What to do:
Take the line that contains "Starten Sie die" and each one after it through the last line below, and retype them exactly. Leave out the pictures.

Exercise data:
----

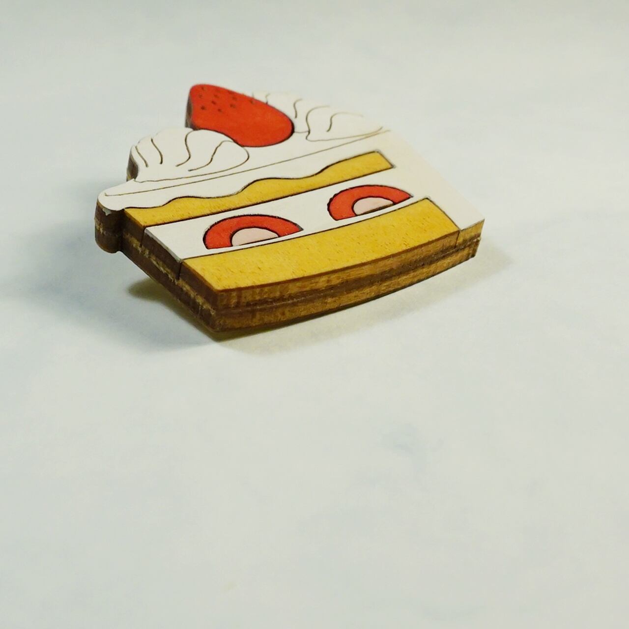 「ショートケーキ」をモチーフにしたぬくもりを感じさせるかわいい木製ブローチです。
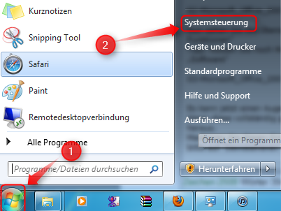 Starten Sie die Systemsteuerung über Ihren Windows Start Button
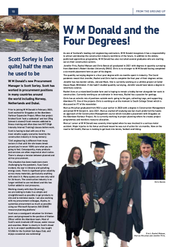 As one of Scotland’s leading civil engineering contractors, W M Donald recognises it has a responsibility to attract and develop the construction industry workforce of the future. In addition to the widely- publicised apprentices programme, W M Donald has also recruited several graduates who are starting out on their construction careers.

----

Solved exercise:
 Starten Sie die Systemsteuerung über Ihren Windows Start Button
 As one of Scotland’s leading civil engineering contractors, W M Donald recognises it has a responsibility to attract and develop the construction industry workforce of the future. In addition to the widely- publicised apprentices programme, W M Donald has also recruited several graduates who are starting out on their construction careers.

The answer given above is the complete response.